Artifact Spotlight: An Epergne for the Ages—The Rayburn Family Centerpiece

By Margo McCutcheon, Site Educator, Sam Rayburn House State Historic Site 

For holidays or special occasions, dining tables may have a centerpiece in the middle of the table to represent the occasion. Hors d’oeuvres, small finger foods, and perhaps some decorative elements might provide the table with looks as well as usefulness before the main meal arrives.  

However, some clever person way-back-when asked themselves, “What if you could have a centerpiece that also serves food?” Now you have me today, writing about the epergne that sits on top of the china cabinet in the dining room of the Sam Rayburn House State Historic Site

An epergne (pronounced i-pәrn or eh-pern) is a centerpiece that could display multiple decorative or food objects at one time. Depending on the epergne’s construction, it could have a place for candles, flowers, candies or nuts, vinegar, or all of these things at once.  

This French creation from the 1600s reached neighboring England during the 1720s, and the middle class gained access to epergnes during the Victorian era (named after the reign of Queen Victoria from 1837 to 1901).  

As to the origin of the word “epergne,” it is similar to a French word for the idea of saving, l’épargne, perhaps as a reference to the saving of space on the table or the saving of time for serving food. Originally made from ornate metals like gold or silver, epergnes transitioned to glass and porcelain during the 1800s. With the use of non-metal materials came the more colorful types of epergnes that symbolized flowers, rather than serving merely as a vessel for flowers. 

Vastly different styles of epergnes exist, but they do have a basic shape in common. A towering column might contain a channel in which to place flowers or candles. At the base of the column, there might be a bowl or dish for holding liquids or small treats.  

Some epergnes have branching pieces that lead to dishes or other designs useful for holding ornamentation of some sort. Whether they resemble a simple glass vase or a complex, silver food carousel, epergnes are obviously a well-crafted piece of home décor. 

The Rayburn epergne stands 48 centimeters high by 22 centimeters wide. The top portion is made of blue and white glass with gold painted details, making the design resemble a tulip. This top connects to the center piece with brass machine bolt connectors.  

The center is a shallow bowl made of milk glass with a gilt-edge trim and decorative flowers painted on the outside. Holding up the epergne is a clear, cut glass stand. Despite its intended use as a centerpiece, the Rayburns likely moved the item to wherever it was needed.  

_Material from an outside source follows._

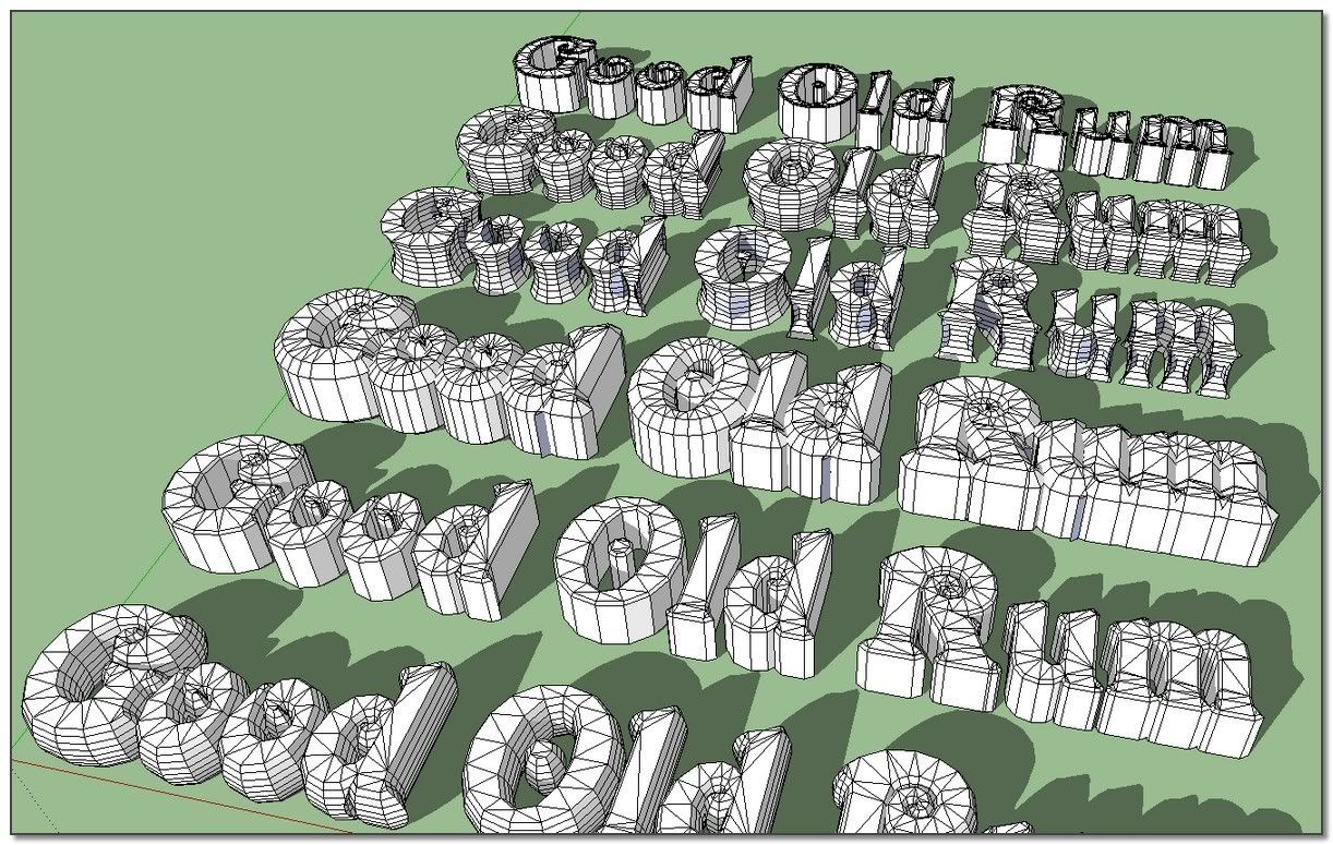 I know that SU now has its own 3D text tool, but that tool is fairly basic. Don't forget the solution of choice before the built-in option (or the Smustard Ruby)

There is a picture of the epergne on a side table between former First Lady Elizabeth “Bess” Truman and her husband, former President Harry Truman, at what was possibly a reception at the Rayburn home after the dedication of the Sam Rayburn Library in 1957. 

Tom and Lula Gooch of Dallas gifted the epergne to Sam and Lucinda “Miss Lou” Rayburn in December 1950. Tom has an elementary school in Dallas named for him. A member of one of the oldest families in Dallas, Gooch ran what became the Dallas Times Herald from 1941 until 1952, the year he died.  

In addition to his newspaper duties, he held prominent positions with the State Fair of Texas, the Dallas Metropolitan Opera, and KRLS radio. Sam Rayburn wrote to the couple, “The beautiful Christmas remembrance you sent me was received. I don’t know what to call it, but Miss Lou does. I do want to say that it is one of the most beautiful, and I might say gorgeous things that it has ever been my privilege to possess. You both always do so many fine and lovely things that there is never a day that I don’t think of you with love and good wishes.” 

We do not know when or where this epergne was made, but its quality craftsmanship is obvious to those who see it. The Rayburn family must have felt the same way, since the epergne is in excellent condition for being at least seventy years old. Sam Rayburn did not know what to call the epergne when he got it, but he took care of it and made sure whoever visited his home, then and now, got to see it. Whether you enjoy fancy centerpieces, art, furniture, history, culture, or old homes, the Sam Rayburn House has something to offer.